## DATA PROVIDED:
--- START ---

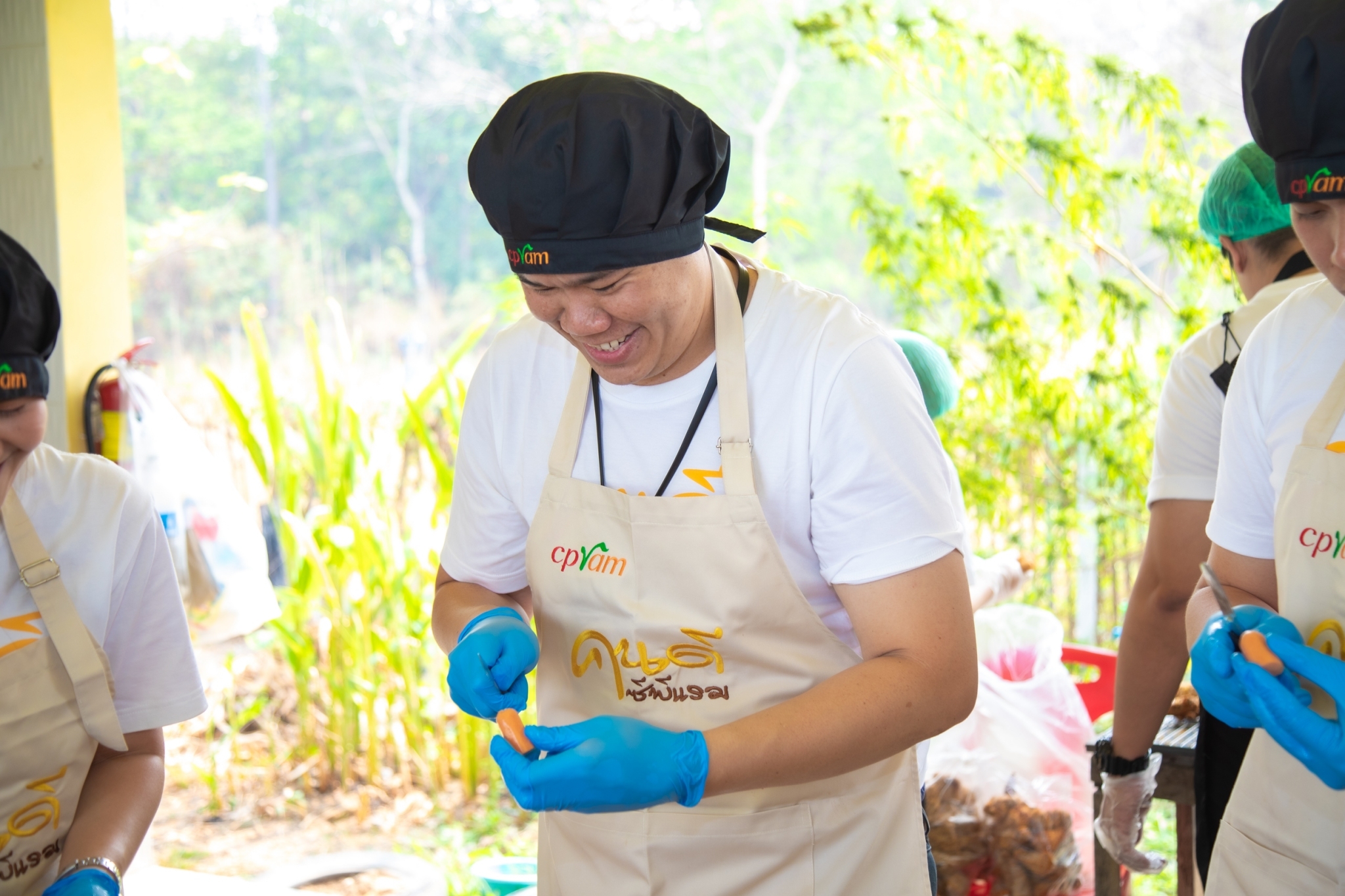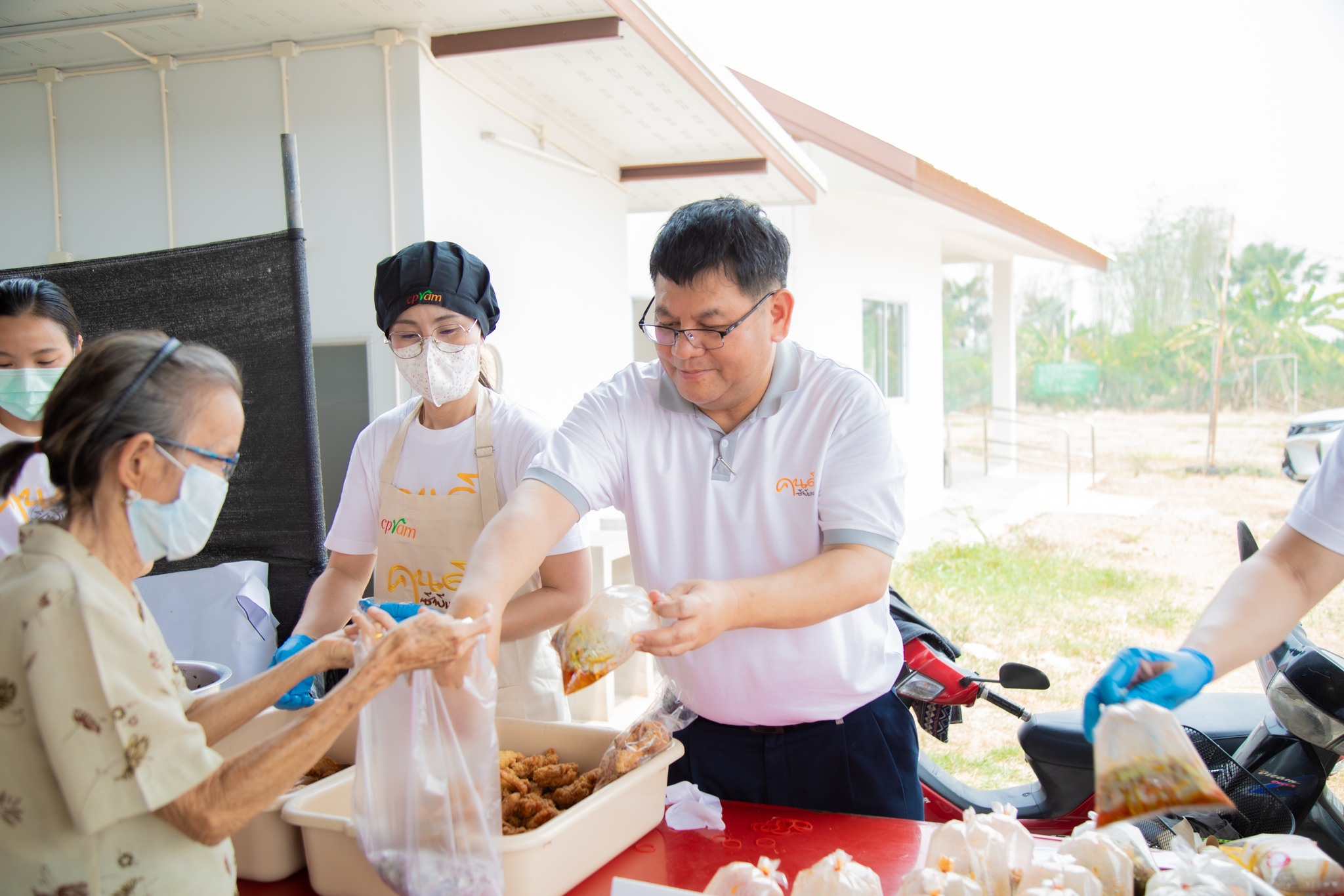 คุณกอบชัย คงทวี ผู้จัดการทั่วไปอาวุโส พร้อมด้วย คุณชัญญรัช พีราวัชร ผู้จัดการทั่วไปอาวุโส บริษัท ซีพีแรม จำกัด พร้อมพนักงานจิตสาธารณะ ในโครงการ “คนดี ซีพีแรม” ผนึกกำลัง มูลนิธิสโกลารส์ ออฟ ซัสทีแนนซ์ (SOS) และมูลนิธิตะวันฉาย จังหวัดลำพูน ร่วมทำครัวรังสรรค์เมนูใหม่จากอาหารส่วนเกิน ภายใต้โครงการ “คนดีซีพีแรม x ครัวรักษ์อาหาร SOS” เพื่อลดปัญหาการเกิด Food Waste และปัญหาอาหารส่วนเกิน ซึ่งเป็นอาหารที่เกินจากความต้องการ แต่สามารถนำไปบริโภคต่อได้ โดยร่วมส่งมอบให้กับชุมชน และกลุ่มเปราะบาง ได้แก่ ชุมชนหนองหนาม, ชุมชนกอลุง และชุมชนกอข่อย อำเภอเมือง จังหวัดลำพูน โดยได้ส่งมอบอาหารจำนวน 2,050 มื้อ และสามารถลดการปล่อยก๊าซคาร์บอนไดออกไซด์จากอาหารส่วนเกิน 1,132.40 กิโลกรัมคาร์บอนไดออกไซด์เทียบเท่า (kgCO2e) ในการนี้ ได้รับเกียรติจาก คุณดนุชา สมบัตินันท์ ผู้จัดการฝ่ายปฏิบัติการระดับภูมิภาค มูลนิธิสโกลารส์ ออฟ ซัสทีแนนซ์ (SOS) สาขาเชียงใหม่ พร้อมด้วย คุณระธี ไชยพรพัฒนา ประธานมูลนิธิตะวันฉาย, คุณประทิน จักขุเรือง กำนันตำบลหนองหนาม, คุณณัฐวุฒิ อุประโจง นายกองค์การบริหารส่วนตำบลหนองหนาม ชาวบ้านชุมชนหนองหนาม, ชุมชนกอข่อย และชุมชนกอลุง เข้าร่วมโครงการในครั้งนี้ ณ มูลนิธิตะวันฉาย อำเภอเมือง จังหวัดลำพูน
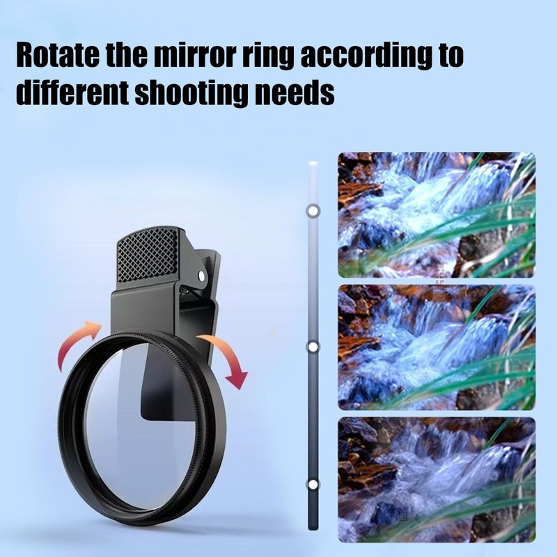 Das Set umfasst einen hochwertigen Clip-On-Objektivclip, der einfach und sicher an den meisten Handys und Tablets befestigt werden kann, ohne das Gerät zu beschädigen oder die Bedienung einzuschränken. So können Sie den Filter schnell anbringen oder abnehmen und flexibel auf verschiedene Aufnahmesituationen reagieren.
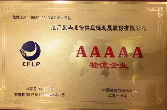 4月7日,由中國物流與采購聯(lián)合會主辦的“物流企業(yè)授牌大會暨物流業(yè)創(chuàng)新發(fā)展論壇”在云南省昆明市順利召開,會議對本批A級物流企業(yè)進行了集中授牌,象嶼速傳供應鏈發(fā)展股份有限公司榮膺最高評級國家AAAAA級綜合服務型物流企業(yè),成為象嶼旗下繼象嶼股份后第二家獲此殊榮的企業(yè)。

--- END ---

Faithful copy, images left out: write out every line of data.

 คุณกอบชัย คงทวี ผู้จัดการทั่วไปอาวุโส พร้อมด้วย คุณชัญญรัช พีราวัชร ผู้จัดการทั่วไปอาวุโส บริษัท ซีพีแรม จำกัด พร้อมพนักงานจิตสาธารณะ ในโครงการ “คนดี ซีพีแรม” ผนึกกำลัง มูลนิธิสโกลารส์ ออฟ ซัสทีแนนซ์ (SOS) และมูลนิธิตะวันฉาย จังหวัดลำพูน ร่วมทำครัวรังสรรค์เมนูใหม่จากอาหารส่วนเกิน ภายใต้โครงการ “คนดีซีพีแรม x ครัวรักษ์อาหาร SOS” เพื่อลดปัญหาการเกิด Food Waste และปัญหาอาหารส่วนเกิน ซึ่งเป็นอาหารที่เกินจากความต้องการ แต่สามารถนำไปบริโภคต่อได้ โดยร่วมส่งมอบให้กับชุมชน และกลุ่มเปราะบาง ได้แก่ ชุมชนหนองหนาม, ชุมชนกอลุง และชุมชนกอข่อย อำเภอเมือง จังหวัดลำพูน โดยได้ส่งมอบอาหารจำนวน 2,050 มื้อ และสามารถลดการปล่อยก๊าซคาร์บอนไดออกไซด์จากอาหารส่วนเกิน 1,132.40 กิโลกรัมคาร์บอนไดออกไซด์เทียบเท่า (kgCO2e) ในการนี้ ได้รับเกียรติจาก คุณดนุชา สมบัตินันท์ ผู้จัดการฝ่ายปฏิบัติการระดับภูมิภาค มูลนิธิสโกลารส์ ออฟ ซัสทีแนนซ์ (SOS) สาขาเชียงใหม่ พร้อมด้วย คุณระธี ไชยพรพัฒนา ประธานมูลนิธิตะวันฉาย, คุณประทิน จักขุเรือง กำนันตำบลหนองหนาม, คุณณัฐวุฒิ อุประโจง นายกองค์การบริหารส่วนตำบลหนองหนาม ชาวบ้านชุมชนหนองหนาม, ชุมชนกอข่อย และชุมชนกอลุง เข้าร่วมโครงการในครั้งนี้ ณ มูลนิธิตะวันฉาย อำเภอเมือง จังหวัดลำพูน
 Das Set umfasst einen hochwertigen Clip-On-Objektivclip, der einfach und sicher an den meisten Handys und Tablets befestigt werden kann, ohne das Gerät zu beschädigen oder die Bedienung einzuschränken. So können Sie den Filter schnell anbringen oder abnehmen und flexibel auf verschiedene Aufnahmesituationen reagieren.
 4月7日,由中國物流與采購聯(lián)合會主辦的“物流企業(yè)授牌大會暨物流業(yè)創(chuàng)新發(fā)展論壇”在云南省昆明市順利召開,會議對本批A級物流企業(yè)進行了集中授牌,象嶼速傳供應鏈發(fā)展股份有限公司榮膺最高評級國家AAAAA級綜合服務型物流企業(yè),成為象嶼旗下繼象嶼股份后第二家獲此殊榮的企業(yè)。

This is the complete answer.